Abstract and Introduction
Abstract
Hemorrhagic deaths of living kidney donors from failure of vascular clips used on the renal artery, first documented in 2006, have continued due to postoperative Hem-o-lok clip failure with sudden, massive bleeding. While the FDA issued a Class II recall of the Hem-o-lok clip for laparoscopic donor nephrectomies in 2006, two live kidney donors in the United States and one in India have since died. Compliance in timely reporting of deaths by the manufacturer and donor hospitals has not been enforced. Oversight agencies did not inform practitioners that donors died due to clip failures. A February 2011 survey disclosed that Hem-o-lok or other clips are still used by some surgeons as a sole means of arterial control in laparoscopic donor nephrectomy; thus, a practice with documented fatal outcomes persists. We conclude that systems failures by oversight-regulatory agencies in communication to active clinicians led, at least in part, to preventable deaths. Information which was disseminated was neither complete nor timely. A corrective plan, funded by oversight agencies and the Hem-o-lok manufacturer, is proposed.
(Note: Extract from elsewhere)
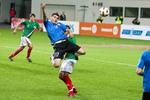 Võitluslikkusest noortel puudu ei jäänud. Foto: Hendrik OsulaPäev enne sõprusmängu Baskimaa vastu esmakordselt Eesti esinduskoondisse kutsutud Henri Anier ja Albert Prosa särasid kohtumise järel justkui sünnipäevalapsed.

All surgeons operating on a living organ donor must select vascular control techniques that entail tissue transfixion and assure a safe operative recovery. The Hem-o-lok and other surgical clips must not be used to control the donor renal artery.
Introduction
"An extra professional burden falls on the surgeon performing the donor nephrectomyJoseph Murray, M.D., Nobel Laureate, 1990.
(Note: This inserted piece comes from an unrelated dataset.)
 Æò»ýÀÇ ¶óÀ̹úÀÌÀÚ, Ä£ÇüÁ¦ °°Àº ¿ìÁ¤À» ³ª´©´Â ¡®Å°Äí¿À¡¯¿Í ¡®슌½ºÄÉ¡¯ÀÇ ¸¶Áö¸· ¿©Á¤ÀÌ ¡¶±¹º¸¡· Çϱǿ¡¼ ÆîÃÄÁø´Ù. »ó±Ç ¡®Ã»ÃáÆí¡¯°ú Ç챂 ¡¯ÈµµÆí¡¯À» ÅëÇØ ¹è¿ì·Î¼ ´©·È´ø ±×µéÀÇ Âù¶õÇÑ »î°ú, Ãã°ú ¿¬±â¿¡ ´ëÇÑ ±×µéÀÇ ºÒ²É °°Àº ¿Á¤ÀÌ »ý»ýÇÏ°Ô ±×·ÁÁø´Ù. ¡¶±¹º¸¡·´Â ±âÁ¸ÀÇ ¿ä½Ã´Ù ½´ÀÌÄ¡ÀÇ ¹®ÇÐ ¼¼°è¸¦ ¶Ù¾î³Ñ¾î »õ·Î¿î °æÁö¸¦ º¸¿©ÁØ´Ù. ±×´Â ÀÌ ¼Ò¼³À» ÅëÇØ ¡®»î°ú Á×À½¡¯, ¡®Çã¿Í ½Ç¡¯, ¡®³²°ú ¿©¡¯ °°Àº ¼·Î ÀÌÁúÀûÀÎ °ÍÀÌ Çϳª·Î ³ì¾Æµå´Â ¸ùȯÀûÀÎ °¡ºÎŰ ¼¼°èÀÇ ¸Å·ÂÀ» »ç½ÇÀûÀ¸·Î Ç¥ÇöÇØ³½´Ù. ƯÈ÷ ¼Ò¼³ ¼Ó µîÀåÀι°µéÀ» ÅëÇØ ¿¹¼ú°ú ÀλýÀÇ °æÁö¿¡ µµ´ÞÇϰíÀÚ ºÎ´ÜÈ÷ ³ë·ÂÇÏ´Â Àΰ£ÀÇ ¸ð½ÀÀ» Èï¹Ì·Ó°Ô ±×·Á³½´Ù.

Deaths of two living kidney donors from vascular clip failure were first documented in January 2006 in our report of preventable hemorrhage after donor nephrectomy. That study stressed the mortal danger of major vessel control with hemostatic clips, and emphasized the necessity of transfixion control (suture or staple anchored within the vessel wall) of the donor renal artery. A nationwide survey of transplant surgeons further affirmed a clear professional opinion that renal arterial control with clips (nontransfixion) is unsafe. By June of 2006, the US Food and Drug Administration (FDA) and Teleflex, the manufacturer of the Hem-o-lok locking clip, issued a Class II recall indicating that its use on the renal artery in laparoscopic donor nephrectomy was contraindicated.
Since the Class II recall, to our knowledge, two live kidney donors in the United States (2008 and 2011) and one in India (2008) have died, and an additional three donors have suffered severe hemorrhagic events from failure of the Hem-o-lok clip. Each of these catastrophes occurred following closure of the surgical incisions, and each surgeon apparently believed that all major vascular structures were secure as the operation ended. The donor surgeons were either unaware of, or ignored, the FDA recall or device contraindication.
To better understand how system failures contributed to this pattern of preventable death from massive hemorrhage due to clip failure, we sought information from both regulatory and professional communities. There were clearly missed opportunities for effectively communicating critical information to active clinicians; thus, at least in part, regulatory failure led to donor deaths.